The profiling used is checked into the repo and run as part of a
PGO build, it is available for inspection. The benchmarks used
for deltas are also documented, they the ones used in the
benchmark comparison to similar tools done in March 2017. This
report is in the repo
(https://github.com/eBay/tsv-utils-dlang/blob/master/docs/Performance.md).
However, it's hard to imagine anyone perusing the repo for this
stuff, so I'll try to summarize what I did below.
Benchmarks - Six different tests of rather different but common
operations run on large data files. The six tests were chosen
because for each I was able to find at least three other tools,
written in native compiled languages, with similar functionality.
There are other valuable benchmarks, but I haven't published them.
Profiling - Profiling was developed separately for each tool. For
each I generated several data files with data representative of
typical uses cases. Generally numeric or text data in several
forms and distributions. The data was unrelated to the data used
in benchmarks, which is from publicly available machine learning
data sets. However, personal judgement was used in the generation
of the data sets, so it's not free from bias.
After generating the data, I generated a set of run options
specific to each tool. As an example, tsv-filter selects data
file lines based on various numeric and text criteria (e.g.

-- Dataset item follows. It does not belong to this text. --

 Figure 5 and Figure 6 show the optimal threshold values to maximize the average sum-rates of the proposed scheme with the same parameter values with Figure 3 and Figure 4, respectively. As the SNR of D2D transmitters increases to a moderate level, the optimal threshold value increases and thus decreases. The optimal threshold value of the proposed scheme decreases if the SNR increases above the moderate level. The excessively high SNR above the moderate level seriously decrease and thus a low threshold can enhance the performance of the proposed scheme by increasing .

less-than). There are a bit over 50 comparison operations, plus a
few meta operations. The profiling runs ensure all the operations
are run at least once, but that the most important overweighted.
The ldc.profile.resetAll call was used to exclude all the initial
setup code (command line argument processing). This was nice
because it meant the data files could be small relative to
real-world sets, and it runs fast enough to do at part of the
build step (ie. on Travis-CI).
Look at
https://github.com/eBay/tsv-utils-dlang/tree/master/tsv-filter/profile_data to see a concrete example (tsv-filter). In that directory are five data files and a shell script that runs the commands and collects the data.

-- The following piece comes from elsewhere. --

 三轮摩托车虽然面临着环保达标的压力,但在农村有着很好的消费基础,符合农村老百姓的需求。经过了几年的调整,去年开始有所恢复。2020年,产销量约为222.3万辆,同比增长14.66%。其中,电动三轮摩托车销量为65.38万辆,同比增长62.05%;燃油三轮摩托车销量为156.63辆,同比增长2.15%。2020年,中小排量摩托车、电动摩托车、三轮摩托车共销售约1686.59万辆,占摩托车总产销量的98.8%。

This was done for four of the tools covering five of the
benchmarks. I skipped one of the tools (tsv-join), as it's harder
to come up with a concise set of profile operations for it.
I then ran the standard benchmarks I usually report on in various
D venues.
Clearly personal judgment played a role. However, the tools are
reasonably task focused, and I did take basic steps to ensure the
benchmark data and tests were separate from the training
data/tests. For these reasons, my confidence is good that the
results are reasonable and well founded.